File Purpose Managed By
IMPLEMENTATION_PLAN.md Task list and progress Planning and Building modes
specs/*.md Specification files spec-writing skill
AGENTS.md Operational notes and learnings Building mode
Source code + tests The actual implementation Building mode

IMPLEMENTATION_PLAN.md is disposable — it can be regenerated from specs at any time by running a planning iteration.


Anti-Patterns / Common Mistakes

Anti-Pattern Why It Fails Correct Approach
Multiple tasks per iteration Context switching, unclear progress ONE task per loop
Assuming code is missing May exist elsewhere, leads to duplication Always search first
Skipping tests after implementation Bugs accumulate, no backpressure Run tests IMMEDIATELY
Modifying plan only during planning Plan drifts from reality Update during BOTH planning and building
Keeping stale plans Tasks based on outdated assumptions Regenerate liberally — planning is cheap
Manual context management Main context overflows Trust subagent delegation
Exiting without dual-condition Premature exit, work incomplete Both conditions must be true
Not committing after each task Large changesets, hard to revert Commit every iteration
Placeholder or stub code Incomplete implementations accumulate Production-quality code only
Skipping STATUS CHECK No exit evaluation, loop runs forever Every iteration ends with status

Anti-Rationalization Guards

If you catch yourself thinking:

  • "I can do two quick tasks in this iteration..." — No. ONE task per loop.
  • "The plan is probably fine, skip planning mode..." — Verify. Plans drift.
  • "Tests can wait until the next iteration..." — Run tests NOW. Backpressure is essential.
  • "Everything is done, I can exit..." — Check the dual-condition gate. Both must be true.

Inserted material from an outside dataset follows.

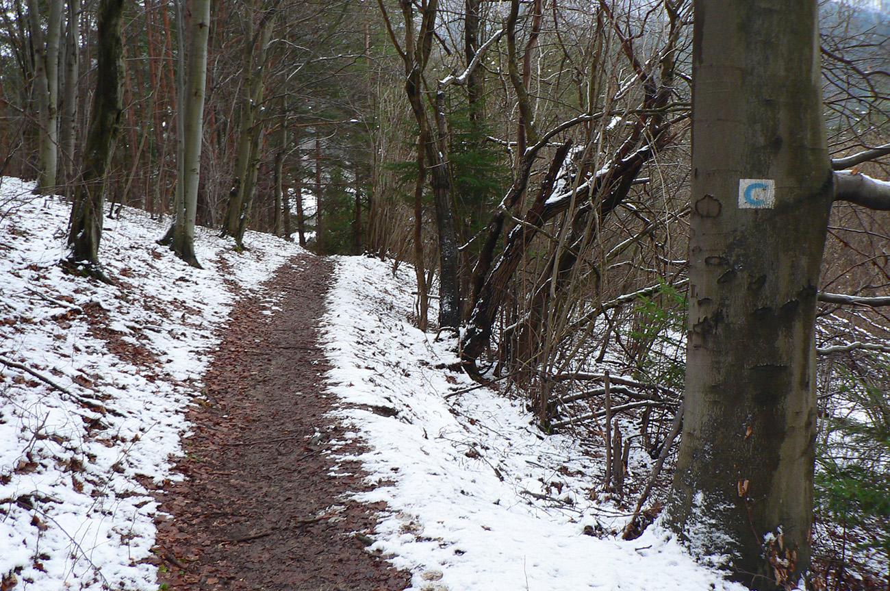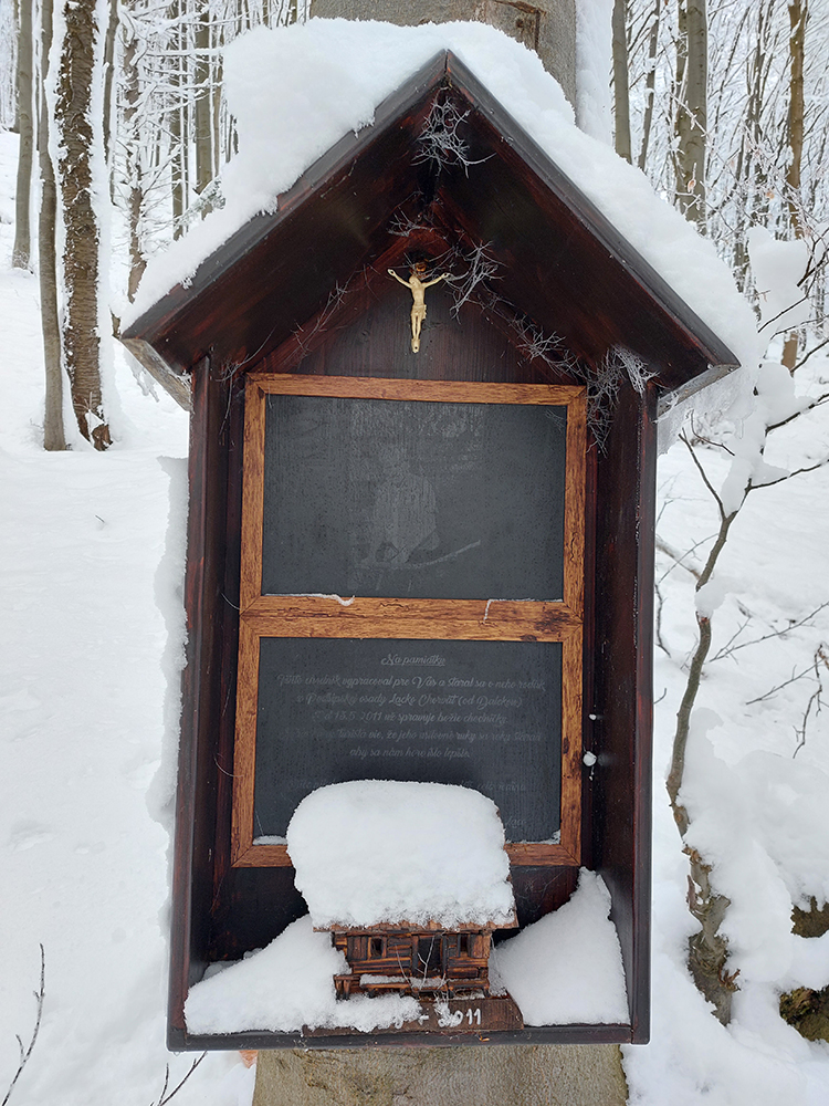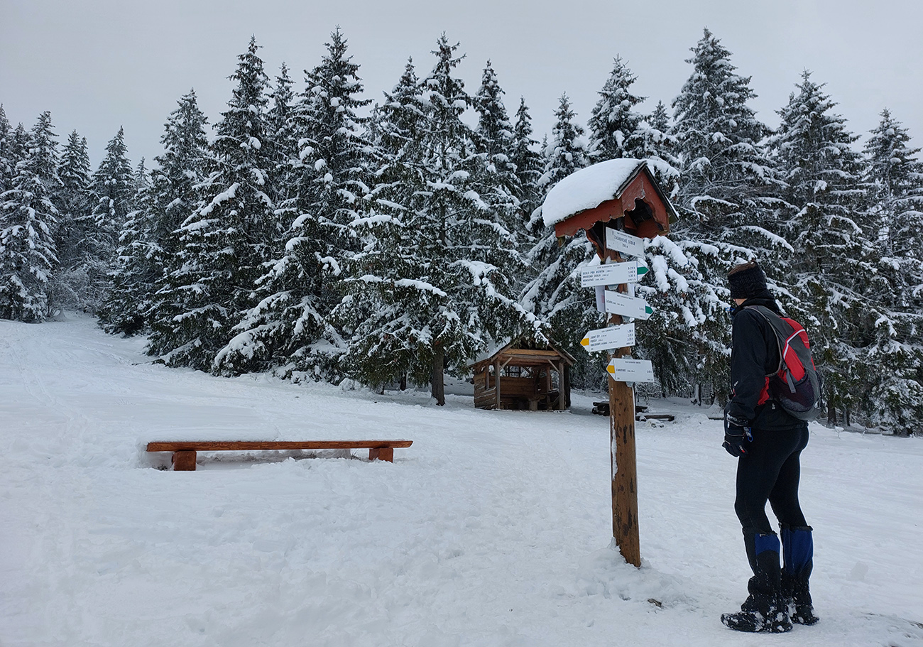 Takže sme sa striedali dvaja, celkom to išlo, našťastie bol ten sneh ešte suchý, čo už o pár dní prestalo platiť. Bola by to iná sranda v mokrom alebo v kôrke, ktorej sme mali celkom dosť aj na tých pár posledných metroch pod krížom. A pritom aký kontrast – dole v dedine suché cesty, na chodníku na Podšíp ledva trochu mokrého snehu a stopa pekne prechodená. Predčasne sme sa ale cestou tešili na stopu až hore, končila akoby uťal - pri dreveniciach. Tam inak končí aj zelená značka zo Stankovian, už pár rokov oficiálne značená. Aj cykloznačky sú tu stále, len stále nikde nevisí upozornenie, že je to cyklotrasa len jednosmerná a pre zjazdárov :-)

Subagent Dispatch Opportunities

Task Pattern Dispatch To When
Independent file reads across codebase Agent tool with subagent_type="Explore" When loop iteration needs context from multiple areas
Test execution during build phase Bash tool with run_in_background=true When tests can validate work without blocking progress
Code review between iterations Agent tool dispatching code-reviewer agent After completing a build iteration, before next planning

Follow the dispatching-parallel-agents skill protocol when dispatching.


Integration Points

Skill Relationship When
ralph-status Per-iteration — produces status blocks Phase 3: STATUS CHECK
circuit-breaker Safety net — monitors loop health Halts on stagnation
spec-writing Upstream — creates specs consumed by planning Before loop starts
acceptance-testing Validation — validates behavioral outcomes During building mode
resilient-execution Per-task — retry on failure When task implementation fails
task-management Tracking — tracks individual tasks Within iterations
llm-as-judge Quality — evaluates subjective criteria Downstream steering
verification-before-completion Final gate — verifies completion claim Before EXIT_SIGNAL: true

Concrete Examples

Example: Planning Mode Output

IMPLEMENTATION_PLAN.md:
- [x] Set up project structure
- [x] Implement core data types
- [ ] Implement user authentication (P0 — blocks 3 other tasks)
- [ ] Add API rate limiting (P1)
- [ ] Implement webhook handlers (P1)
- [ ] Add monitoring and logging (P2)

Missing specs: Rate limiting spec needs error response format defined.

Example: Building Mode Iteration

Task selected: Implement user authentication
Searched: Found existing password hashing in src/lib/crypto.ts
Implemented: src/auth/service.ts, src/auth/middleware.ts
Tests: 8 passing, 0 failing
Committed: feat(auth): implement JWT-based user authentication

Updated IMPLEMENTATION_PLAN.md:
- [x] Implement user authentication

Example: Status Block

---RALPH_STATUS---
STATUS: IN_PROGRESS
TASKS_COMPLETED_THIS_LOOP: 1
FILES_MODIFIED: 4
TESTS_STATUS: PASSING
WORK_TYPE: IMPLEMENTATION
EXIT_SIGNAL: false
RECOMMENDATION: Next: implement API rate limiting (P1)
---END_RALPH_STATUS---

Skill Type

RIGID — Follow this process exactly. The determinism of the loop depends on consistent execution. ONE task per loop. Status block every iteration. Dual-condition exit gate. No exceptions.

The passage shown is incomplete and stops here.